Optional extra-credit questions

  1. Question: Imagine you are using regex to convert a text document into well-formed XML. As an end result, you want there to be a root element that contains tagged chapters, chapter titles, paragraphs, and quotations. Note that there is a hierarchy to these elements (for example, a chapter contains a chapter title and paragraphs). From the beginning, describe each step that you would take to transform the plain text document into XML. Be sure to provide example regex patterns for each step. Note the following qualities of the original plain text document:

    1. The text is a novel.

    2. The novel is taken from Project Gutenberg.

    3. Two newlines (one blank line) separate each paragraph from other paragraphs.

    4. More than two newlines separate other sections of the text (e.g., chapters).

    5. Chapter numbers appear on the same line as chapter titles and are formatted as I. I am born.

    Answer: There are many ways to approach this question, but these are the steps that we would take to convert this text document into XML, utilizing the preliminary information above.

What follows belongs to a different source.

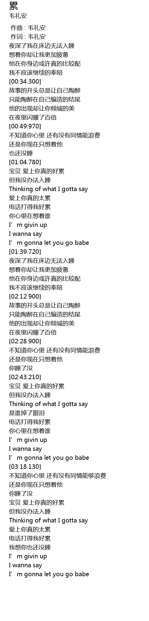 | [03:33.380] | 宝贝 爱上你真的好累 |

    1. Remove the Project Gutenberg information located at the start and end of the document.

    2. Search for reserved characters &, <, and > (ampersand first). If there are any, replace them with &amp;, &lt;, and &gt;.

    3. Standardize whitespace, so that there are two newlines between each block of text. Find: \n{3,}. Replace: \n\n.

    4. Each block of text is now separated by two newlines. We then find the newlines and replace them with </p><p> for our paragraph elements. We manually add paragraph tags at the start and end of the document.

    5. With Dot matches all selected: search for quotes and then wrap the quoted characters in a <q> element, discarding and replacing the quotation marks. Find: "(.+?)". Replace: <q>\1</q>.

    6. Search for chapter titles and then wrap them in a <title> element, discarding and replacing the <p> tags we placed in step four. Find: <p>([IVXLC]+\..+?)</p>. Replace: <title>\1</title>.

    7. Wrap the chapters in a <ch> element. Find: <title>. Replace: </ch>\n<ch>\n\0. For detailed rationale on this process, see our answer key to the second regex assignment, under Chapters. Manually fix the first and last chapters (as we did with the paragraphs).

    8. Finally, manually add the root element at the start and end of the document.

  2. Question: In <oXygen/>, what is the effect of selecting the Dot matches all checkbox when using regex? Provide an example regex pattern with a dot character that depends on checking Dot matches all to find the correct number of matches in a document and explain why you need to check Dot matches all in order to get the result you want.

    Answer: By default, the regex dot character matches everything but newlines. Sometimes, we want to match things that span multiple lines in a document (e.g., quotations). Without Dot matches all selected, we would only match quotations that begin and end on the same line, as there are newline characters in multiline quotations.

    Example pattern: "(.+?)". Utilizing our example pattern for lazy repetition that matches quotations (characters sandwiched between quotation marks), we can see the importance of Dot matches all. Without Dot matches all selected, the engine will not match quotations that span multiple lines. This is very common in texts, and we want to make sure that when we automatically tag quotations, we are correctly selecting each one of them.